- [WORK REQUEST] The lines to reproduce from the material below are those from the one containing "Thirteen Lines オーストラリアン" through the one containing "71.50% | 16 |", both included; write them out exactly and add nothing.

- [MATERIAL PROVIDED]
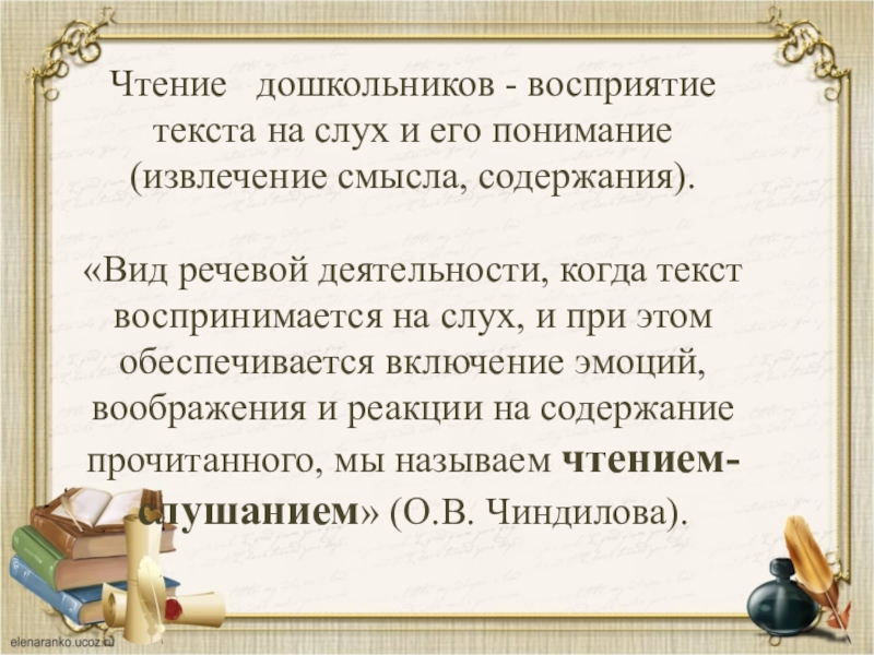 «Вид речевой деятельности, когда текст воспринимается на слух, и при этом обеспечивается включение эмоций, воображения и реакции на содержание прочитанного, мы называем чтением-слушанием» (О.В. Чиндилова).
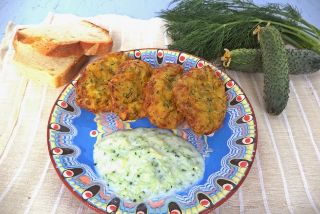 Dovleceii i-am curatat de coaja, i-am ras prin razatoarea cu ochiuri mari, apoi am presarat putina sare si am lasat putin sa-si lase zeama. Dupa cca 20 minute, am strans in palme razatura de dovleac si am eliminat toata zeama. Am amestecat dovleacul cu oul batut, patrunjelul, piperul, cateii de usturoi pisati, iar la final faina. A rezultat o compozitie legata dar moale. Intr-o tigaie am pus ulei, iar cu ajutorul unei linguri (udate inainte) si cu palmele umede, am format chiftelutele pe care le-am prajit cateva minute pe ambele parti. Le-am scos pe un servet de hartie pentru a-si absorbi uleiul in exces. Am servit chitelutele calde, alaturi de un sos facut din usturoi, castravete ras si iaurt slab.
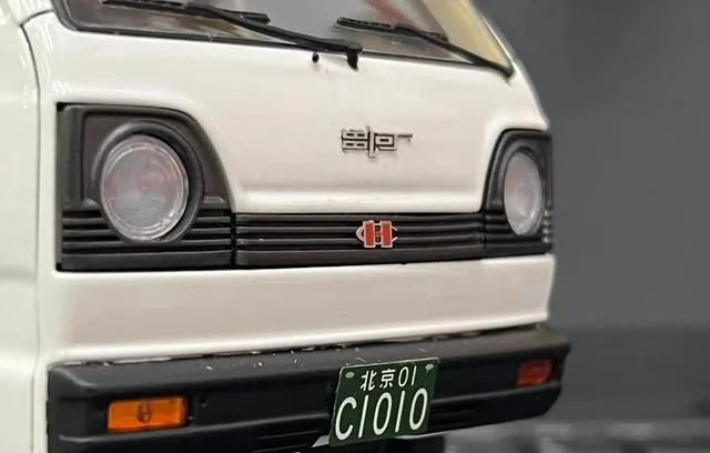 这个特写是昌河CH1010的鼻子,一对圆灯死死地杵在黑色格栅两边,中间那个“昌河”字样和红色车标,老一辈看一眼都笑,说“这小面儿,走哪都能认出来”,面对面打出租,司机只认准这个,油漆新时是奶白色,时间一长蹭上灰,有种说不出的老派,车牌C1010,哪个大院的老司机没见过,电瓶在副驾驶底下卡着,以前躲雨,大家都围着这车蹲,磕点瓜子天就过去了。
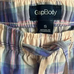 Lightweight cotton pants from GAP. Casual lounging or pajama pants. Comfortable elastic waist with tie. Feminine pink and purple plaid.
---
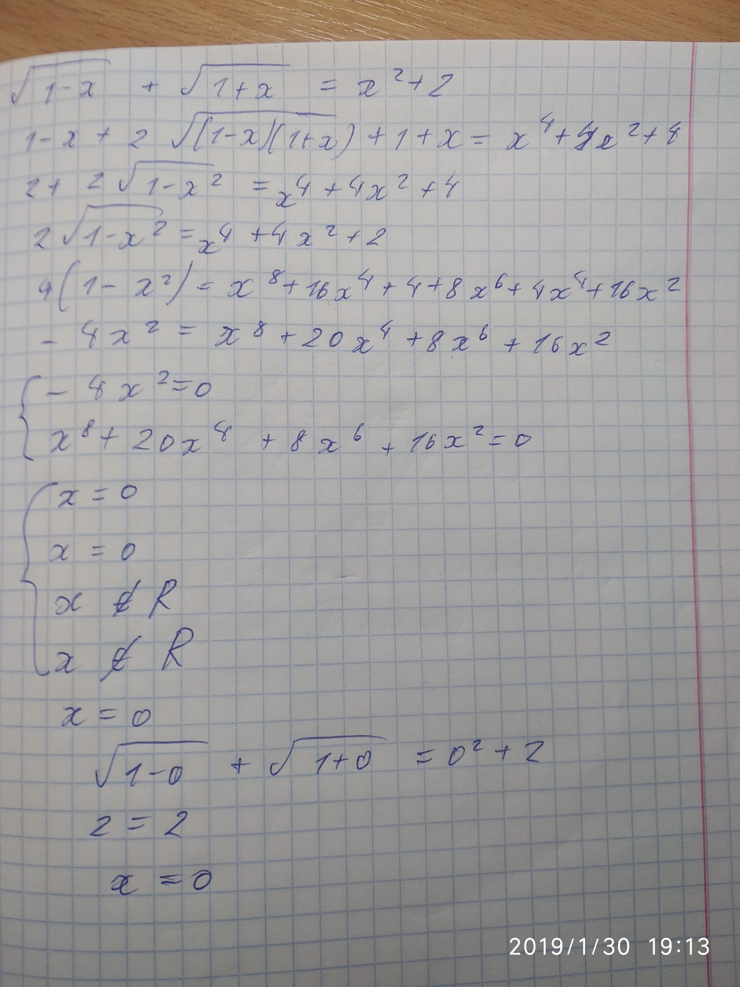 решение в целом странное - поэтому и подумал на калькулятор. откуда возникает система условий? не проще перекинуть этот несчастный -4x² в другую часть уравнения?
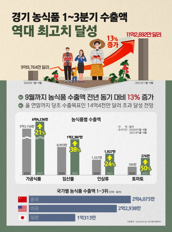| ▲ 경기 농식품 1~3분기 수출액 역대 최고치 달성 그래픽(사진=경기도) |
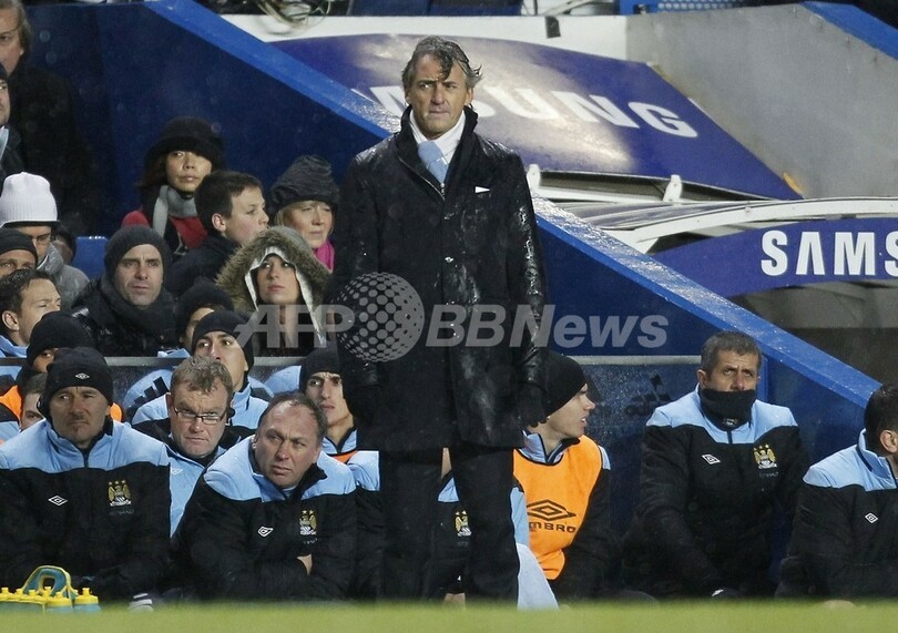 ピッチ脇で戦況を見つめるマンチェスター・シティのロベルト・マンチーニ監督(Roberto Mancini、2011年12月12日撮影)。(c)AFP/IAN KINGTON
---
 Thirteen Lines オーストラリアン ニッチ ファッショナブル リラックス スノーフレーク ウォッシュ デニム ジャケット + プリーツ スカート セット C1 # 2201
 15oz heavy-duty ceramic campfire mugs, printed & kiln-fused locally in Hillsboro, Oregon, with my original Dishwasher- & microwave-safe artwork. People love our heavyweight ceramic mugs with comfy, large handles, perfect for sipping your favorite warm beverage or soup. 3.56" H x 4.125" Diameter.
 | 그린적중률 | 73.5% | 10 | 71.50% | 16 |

- [RESPONSE TO THIS EXERCISE]
 Thirteen Lines オーストラリアン ニッチ ファッショナブル リラックス スノーフレーク ウォッシュ デニム ジャケット + プリーツ スカート セット C1 # 2201
 15oz heavy-duty ceramic campfire mugs, printed & kiln-fused locally in Hillsboro, Oregon, with my original Dishwasher- & microwave-safe artwork. People love our heavyweight ceramic mugs with comfy, large handles, perfect for sipping your favorite warm beverage or soup. 3.56" H x 4.125" Diameter.
 | 그린적중률 | 73.5% | 10 | 71.50% | 16 |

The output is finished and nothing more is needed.